The conversations that followed between Twaddle and Cassato and his family were not about a crisis at hand, but about how Cassato wanted to live with his disease at home. At every step of the way, Twaddle and the palliative care team worked in tandem with Cassato’s other doctors and with him to maintain the most active and normal lifestyle despite any treatments.

By January 2012, Twaddle noticed a decline in Cassato’s condition and began seeing him more regularly. “He was concerned about my mom [how she would get by],” Lamason says. “And at one point, Dr. Twaddle suggested we consider transferring to hospice care. That started last June.

“At the time, we all thought he had six months to live, which we took as a blow—it was tough to hear that diagnosis. But it became a huge gift to [have direction and structure as we started] recognizing that the decline was going to continue.”

Even though in hospice care, Cassato remained fairly active. He couldn’t drive anymore, but he would get showered and dressed every day even if the time out of bed was limited. He wanted to live a normal life while at home, his daughter says. But eventually, even the simplest tasks became too much for him physically, and Cassato was moved into the Marshak Family Hospice Pavilion at Midwest. He was there for 12 days with members of his large family (7 kids, 21 grandkids and 5 great-grandkids) by his side at all times.

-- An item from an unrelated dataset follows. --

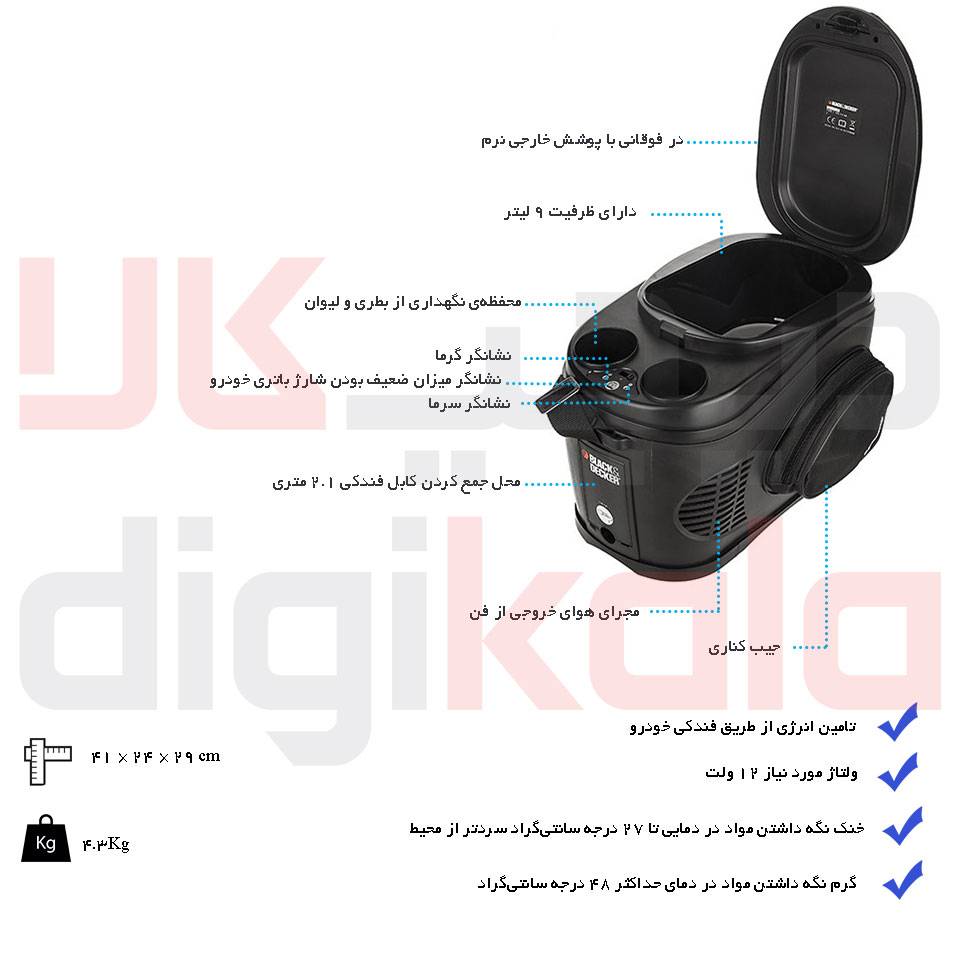 محصول موردنظر، نوعی فلاسک غذای خودروست که شرکت معروف «بلک اند دکر» (Black & Decker) آن را طراحی و تولید کرده است. این مدل با نام «BDV212F» شناخته میشود. این فلاسک، بسیار کاربردی و کارآمد است و به کمک آن میتوانید بدون نگرانی، محصولات غذاییتان را در دمای مناسب نگهداری کنید. از ویژگیهای جالب این دستگاه، قابلیت خنکسازی یا گرمنگهداشتن موادغذایی است و میتوانید با توجه به نیاز خود فلاسک را روی حالت موردنظر قرار دهید. حداکثر دمای داخلی این فلاسک، ۴۸ درجهی سانتیگراد بوده و حداقل دمای خنکسازی آن ۲۷ درجهی سانتیگراد پایینتر از دمای محیط است. این محصول با ظرفیت ۹ لیتر از طراحی مناسب و زیبایی بهره میبرد. این فلاسک به کمک بندی که دارد، بهراحتی روی دوش حمل میشود. یکی از مزیتهای بارز این دستگاه، روش تامین برق موردنیاز آن است. ولتاژ مناسب برای این فلاسک ۱۲ ولت است و برق موردنیاز خود را از طریق فندکی خودرو تامین میکند. این ویژگی باعث میشود برای استفاده از این محصول محدودیتی نداشته باشید و بتوانید بهراحتی در هر خودرویی از آن استفاده کنید. این فلاسک قطعکن اتوماتیک دارد و با رسیدن دمای محتویات به مقدار موردنظر، جریان برق را قطع میکند؛ این مزیت در کنار عایقبندی مناسب، راندمانی مطلوب به فلاسک بخشیده است. با کمک این فلاسک میتوانید موادغذایی نیازمند به سرما را خنک نگه داشته و موادغذایی نیازمند گرما را در شرایط مطلوبی قرار دهید. این محصول برای مسافرتهایی که با خودروهای شخصی انجام میگیرد، گزینهای بسیار مناسب است. شرکت بلک اند دکر سالهاست که در زمینهی ابزارآلات برقی و دستی فعالیت میکند. محصولات این شرکت کیفیت بالایی دارند و با توجه به کیفیتشان، با قیمتی مناسب عرضه میشوند.

Then in late May, after being in hospice for nearly a year, Sam Cassato passed away in the night, with his eldest son by his bedside. He was 88.

“I think my dad lived as long as he did because he was in hospice,” says Lamason. “He knew that stress [affected] his health, and the objective was to reduce his stress. He was given a gift of life because had we not known [his condition] that early, I don’t think his stress would have been managed, and he would have declined quicker.

“The misconception is that people call hospice when they throw in the towel and are ready to die. Nothing could be further from the truth for us. He had the desired outcome of having a wonderful, peaceful death instead of fearing it,” she says. “We’re all thankful.”